Mrs Tripp is coming up the road. She has obviously lost her way. Tripp by this time is demonstrating the
special
points of the Singer sewing machine … Mrs Tripp is cold and miserable. She leans against a fence and cries. A little further down the road the sentimental German watches her. He is torn between pity and duty. He edges nearer.

Mr Tripp is talking about poetry to the cinema actress …

Mrs Tripp weeps on the German’s shoulder and tells him how her husband is betraying her at this moment, but she can’t remember the number of the house …

The Germans in the car are getting very cold. They get out and begin to walk up and down … Tripp is reading Newbolt to the actress … ‘His captain’s hand on his shoulder smote …’ Mrs Tripp and the German peer in at the window. He hasn’t realized that this treacherous husband has anything to do with him. Mrs Tripp moans, ‘Take me away,’ and he obeys at once—in his comrades’ car. Somebody—he is too sentimentally wrought up to care who—tries to stop him and he knocks him down. He deposits Mrs Tripp at her own door.

Tripp is still reading poetry when there is another knock at the door. One German pulls in the other German who is still unconscious. There is a babble of German explanations. ‘He was trying to mend the car,’ the actress explains, ‘and it ran away from him.’

‘I’ll ring up the garage,’ Tripp says.
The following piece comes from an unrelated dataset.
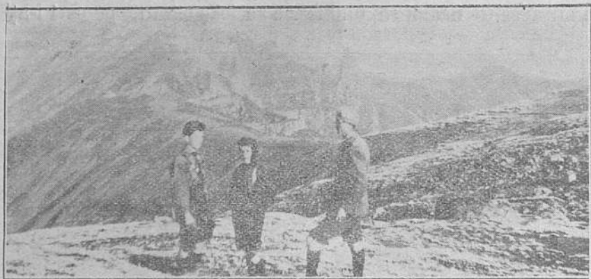
Vedere din Bucegi
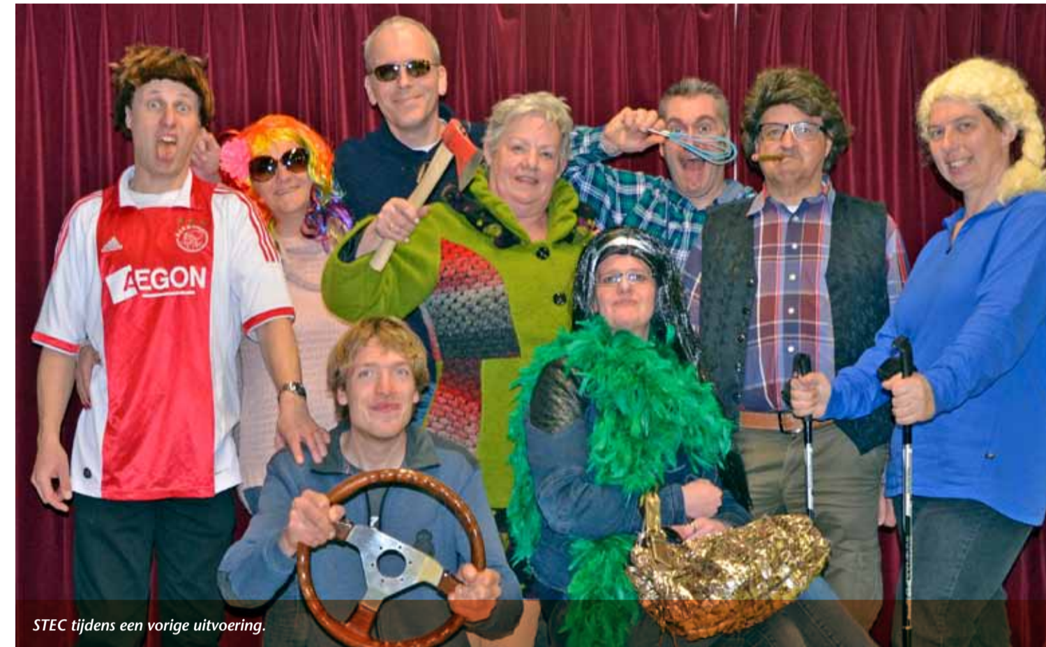
STEC tijdens een vorige uitvoering.

Als Morgiana bezoek krijgt van een zakenrelatie (Hanly, die ze ook persoonlijk erg leuk vindt) vraagt ze Casey om voor haar dochter te spelen. De vriend van Casey, Franklin, komt echter ook op bezoek. Verder wordt Casey ook opgezadeld met een oude schoolvriend Barney, die een opsporingsambtenaar is van de belastingen is en die haar appartement als uitvalsbasis wilt gebruiken. Dit omdat er een belastingontduiker in de flat woont. Aangezien Franklin en Hanly niet mogen weten wat Barney doet wordt hij voorgesteld als de broer van Casey. Om de chaos compleet te maken krijgen ze ook nog bezoek van een agent die op zoek

He goes in an alcove, where nobody has seen the telephone.

They prepare to knock him out. ‘Wrong number,’ he says furiously. ‘It’s the police.’
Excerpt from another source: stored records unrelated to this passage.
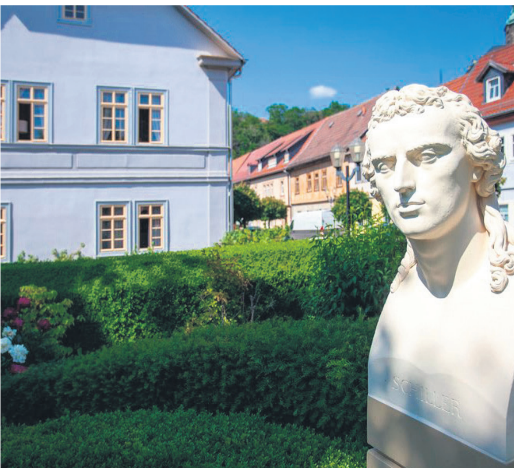
An den berühmten deutschen Dichterfürsten Friedrich Schiller wird in Rudolstadt an vielen Stellen erinnert.

die Idee geht auf die Flugpioniere Otto und Gustav Lilienthal zurück. Aus den legendären Baukästen lassen sich originalgetreue Bauwerke in beeindruckender Größe basteln. Highlights im Jahresverlauf sind das Rudolstadt-Festival, das Rudolstädter Vogelschießen, das größte Volksfest Thüringens sowie das Altstadtfest. Eine vielfältige Restaurant- und Kneipenkultur, Vorstellungen im Thüringer Landestheater Rudolstadt sowie zahlreiche Aktivmöglichkeiten runden das Freizeitangebot ab.
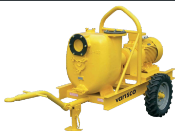
TROLLEY VAR 6-350
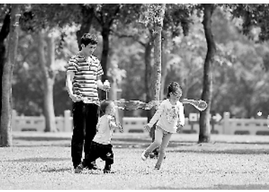
经过一番生态修复，更富风韵的海南万绿园每年都吸引很多游客。

东南沿海，深圳大鹏新区坚持绿色发展，累计淘汰转型低端企业184家。太行山麓，河北邢台前南峪村发展
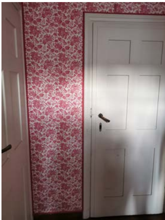
AFB. 10A De dressing, voor de restauratie.
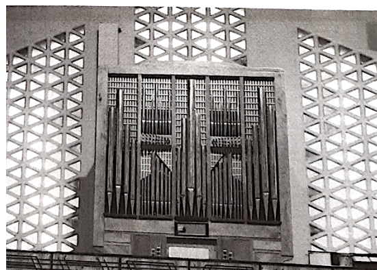
Orgue d'Hagondange-centre. On voit que les 2 buffets d'origine ont été assemblés pour n'en former qu'un seul.

Merci à toutes les personnes qui ont à cœur de transmettre et de faire vivre l'histoire de notre patrimoine. Que la beauté nous fasse goûter « la joie de la foi » !
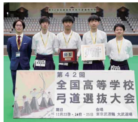
男子団体 技能優秀賞 慶應義塾高等学校
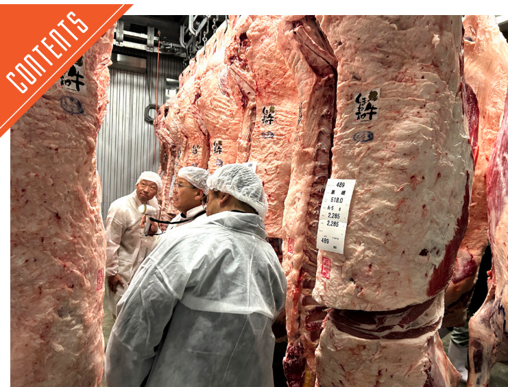
全肉連・島根肉連主催の神戸枝肉販売会を開催……P8

九州支局 〒812-0029 福岡市博多区古門戸町3-12 TEL092-271-7816 FAX092-291-2995
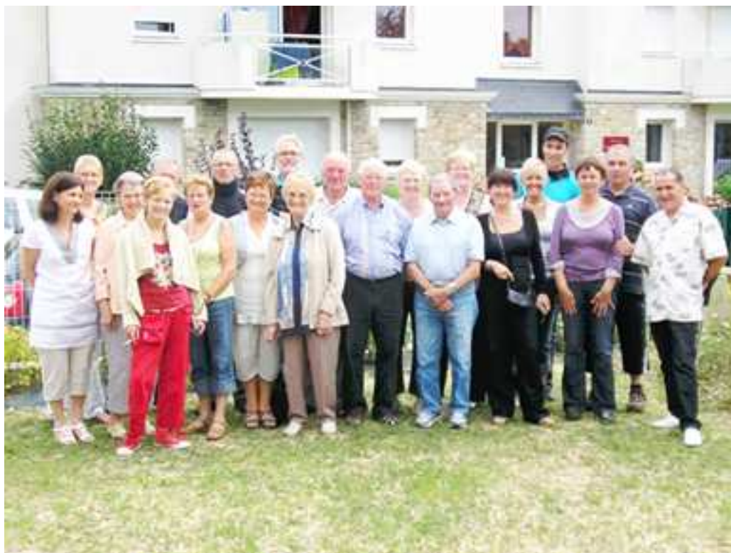
30 Août 2009 «Repas de quartier» des Rue Basse et Rue de la Hutte
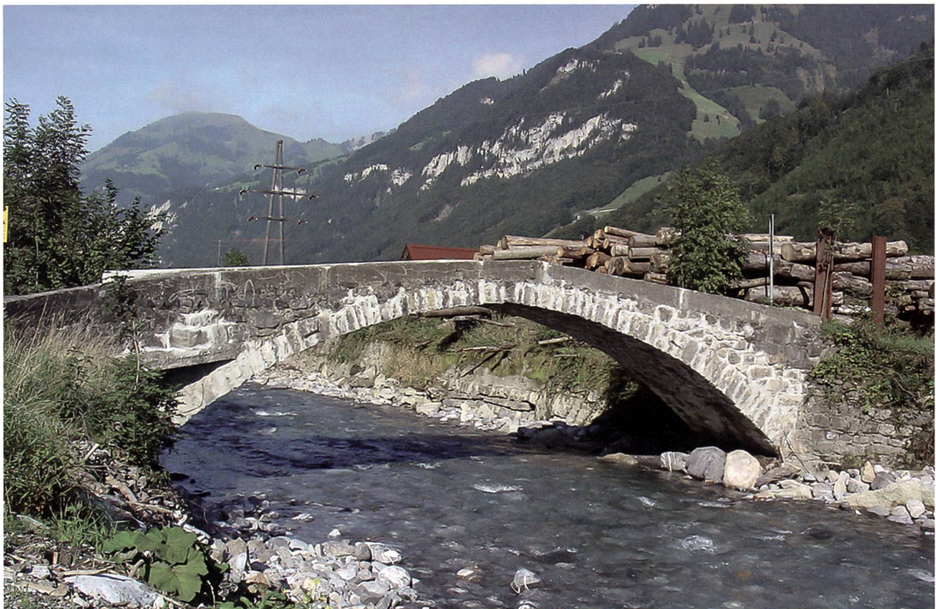
Wolfenschiessen: Schwybogenbrücke, Ansicht von Süden.

Geschichte: Steinerne Brücken zählen nicht nur im Kanton Nidwalden zu den grossen Ausnahmen. Der historische Brückenbau wird in der Schweiz ganz allgemein vom Holzbau beherrscht. Diese Tradition lösten erst die frühen Eisenbetonkonstruktionen unter anderen durch den Genfer Bauingenieur Robert Maillart (1872–1940) ab. Wo steinerne Brücken – wenn es sich nicht um neue Konstruktionen handelt – die Wasser überspannen, zählen diese allein schon aufgrund

When he puts down the receiver again they knock him out.

6

MR TRIPP HAS
not returned home for some days. Cobb and Miss Jixon are worried. Mrs Tripp is furious but finds consolation.

Tripp comes to himself inside the German Embassy. Enormous pressure is put on him to betray his organization, but he has no organization to betray. The threat forcibly resolves itself into this: either he will remain a prisoner in the Embassy until war starts, when he will be handed to the Gestapo as a spy, or he will send a message for them—containing false information carefully devised to discredit him—to London and then in due course he will be released. They show him films of concentration camps, they keep him from sleeping: he is shut up in a cell with the sentimental German, now disgraced, who wakes him whenever he tries to sleep and reproves him for betraying his wife.

The German Ambassador, in collaboration with the Military Attaché, plans out the message for him to send. On one sheet the Military Attaché notes the facts to be concealed: the date of invasion; number of divisions etc. On the other they note the lies to be
revealed
. A breeze from the open window whips the papers around. The wrong notes (that is to say the true notes) are handed to Tripp to write in secret ink. Tripp gives way. To send one more message of false information seems a small price to pay.

To make all secure and ensure that no Tripp message will ever be believed again, the Germans instruct the Chief of Police to go to the British Ambassador and expose Tripp’s dealings with him—the invented messages which he used to show to the Germans before transmitting them. He gives the impression that Tripp knew that the Germans saw them.